● Task directions: Copy out each line of the data below in which "using" appears.

(Dataset records)
=======

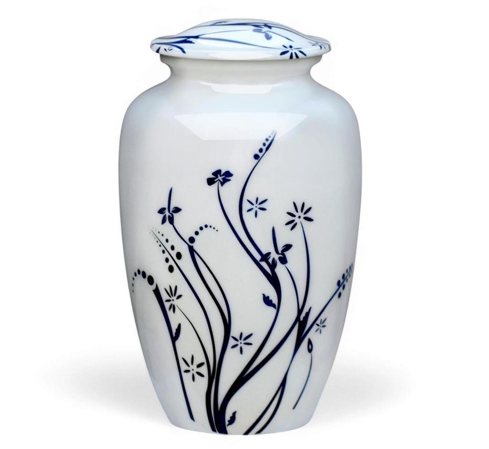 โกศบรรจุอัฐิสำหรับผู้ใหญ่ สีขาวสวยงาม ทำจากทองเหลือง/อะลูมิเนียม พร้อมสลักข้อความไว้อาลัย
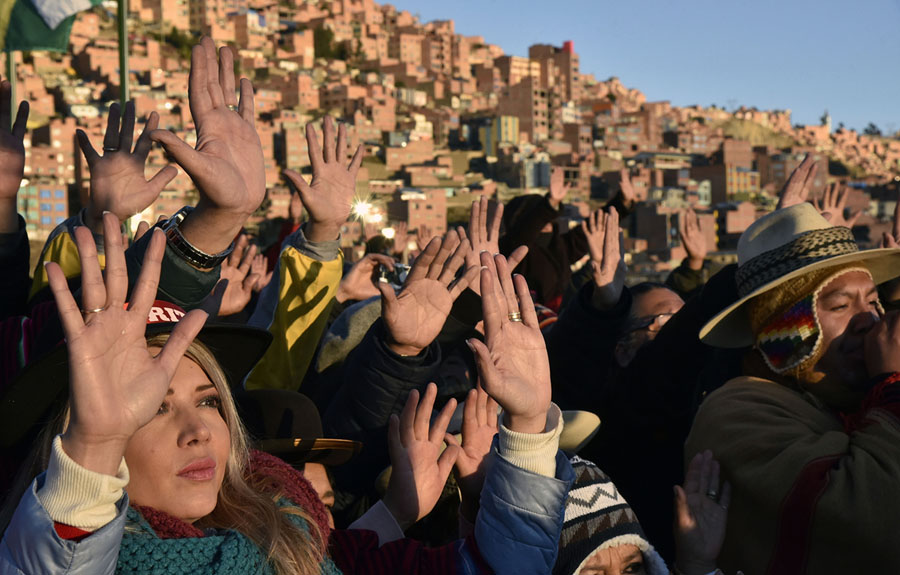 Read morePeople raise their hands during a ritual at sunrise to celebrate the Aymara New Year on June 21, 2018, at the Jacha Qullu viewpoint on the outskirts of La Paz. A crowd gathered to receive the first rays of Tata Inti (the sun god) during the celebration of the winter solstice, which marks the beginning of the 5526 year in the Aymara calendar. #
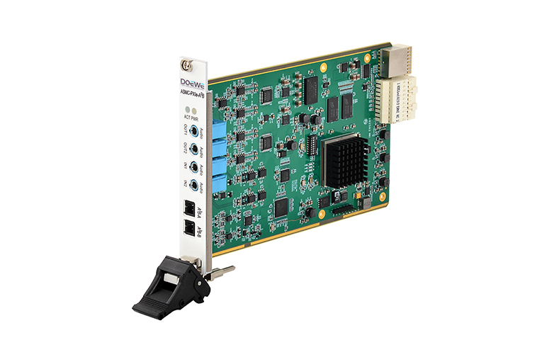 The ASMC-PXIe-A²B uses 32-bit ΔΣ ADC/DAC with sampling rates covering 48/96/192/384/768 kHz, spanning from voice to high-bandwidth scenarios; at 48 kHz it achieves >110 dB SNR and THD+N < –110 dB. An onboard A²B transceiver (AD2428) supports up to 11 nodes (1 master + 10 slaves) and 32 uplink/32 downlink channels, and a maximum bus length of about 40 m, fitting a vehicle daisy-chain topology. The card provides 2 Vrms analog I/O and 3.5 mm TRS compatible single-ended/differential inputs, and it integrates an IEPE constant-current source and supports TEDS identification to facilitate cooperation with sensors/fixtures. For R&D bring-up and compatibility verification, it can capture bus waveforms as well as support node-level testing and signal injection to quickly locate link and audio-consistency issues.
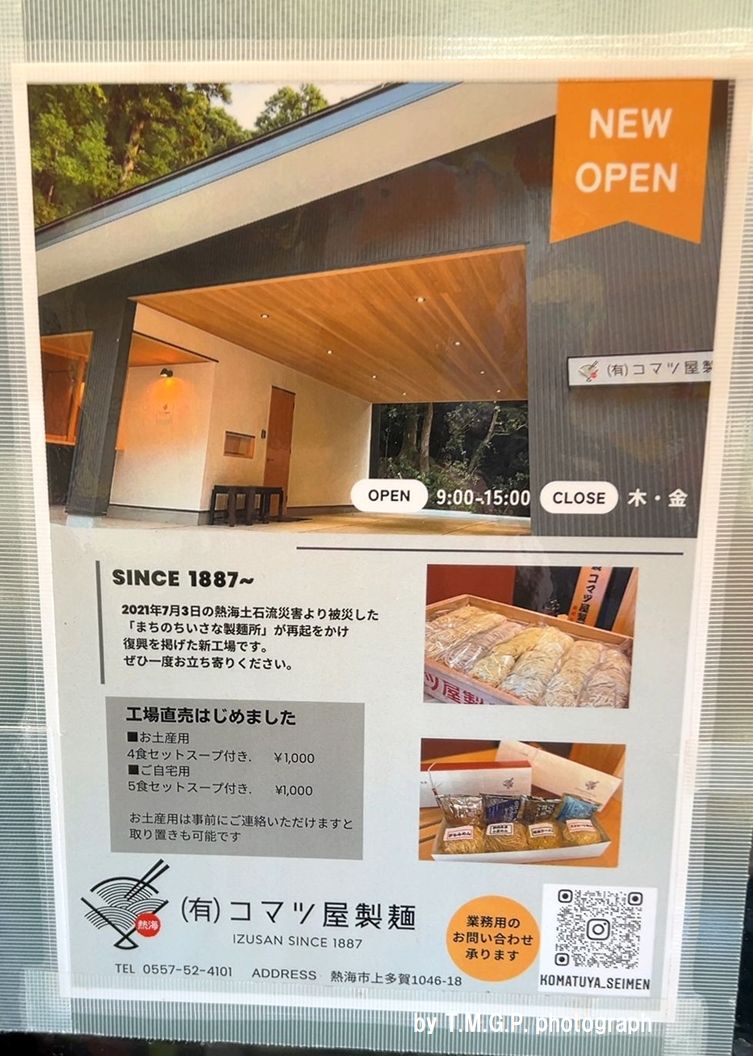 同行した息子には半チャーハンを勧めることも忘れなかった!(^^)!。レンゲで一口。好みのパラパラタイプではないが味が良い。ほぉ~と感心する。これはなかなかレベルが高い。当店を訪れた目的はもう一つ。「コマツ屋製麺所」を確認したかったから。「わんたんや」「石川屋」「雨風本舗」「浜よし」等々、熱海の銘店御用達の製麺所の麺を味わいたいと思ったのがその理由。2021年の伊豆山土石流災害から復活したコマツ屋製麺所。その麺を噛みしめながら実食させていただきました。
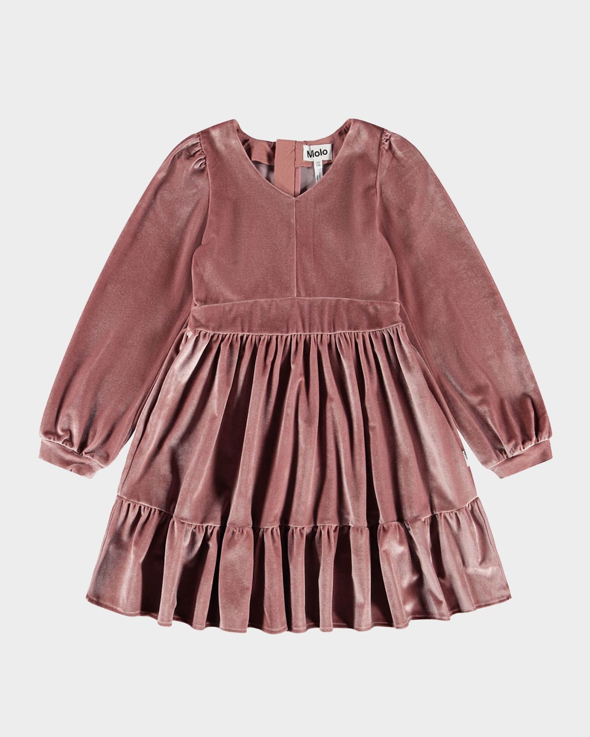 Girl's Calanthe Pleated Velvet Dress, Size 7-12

=======

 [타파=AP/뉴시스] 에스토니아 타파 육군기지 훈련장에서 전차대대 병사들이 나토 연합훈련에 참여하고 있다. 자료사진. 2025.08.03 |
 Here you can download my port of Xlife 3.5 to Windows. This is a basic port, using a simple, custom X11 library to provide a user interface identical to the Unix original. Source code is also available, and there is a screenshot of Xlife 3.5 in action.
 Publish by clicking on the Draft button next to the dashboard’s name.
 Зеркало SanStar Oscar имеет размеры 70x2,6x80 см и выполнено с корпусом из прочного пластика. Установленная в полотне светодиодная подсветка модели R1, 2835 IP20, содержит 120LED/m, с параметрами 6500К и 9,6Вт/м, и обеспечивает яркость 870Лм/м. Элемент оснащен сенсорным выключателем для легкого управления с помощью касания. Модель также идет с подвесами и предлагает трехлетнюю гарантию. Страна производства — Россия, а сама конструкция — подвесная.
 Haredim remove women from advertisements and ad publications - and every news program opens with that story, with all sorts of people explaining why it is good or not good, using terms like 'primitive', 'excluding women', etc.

=======

● Result for this task:
 Here you can download my port of Xlife 3.5 to Windows. This is a basic port, using a simple, custom X11 library to provide a user interface identical to the Unix original. Source code is also available, and there is a screenshot of Xlife 3.5 in action.
 Haredim remove women from advertisements and ad publications - and every news program opens with that story, with all sorts of people explaining why it is good or not good, using terms like 'primitive', 'excluding women', etc.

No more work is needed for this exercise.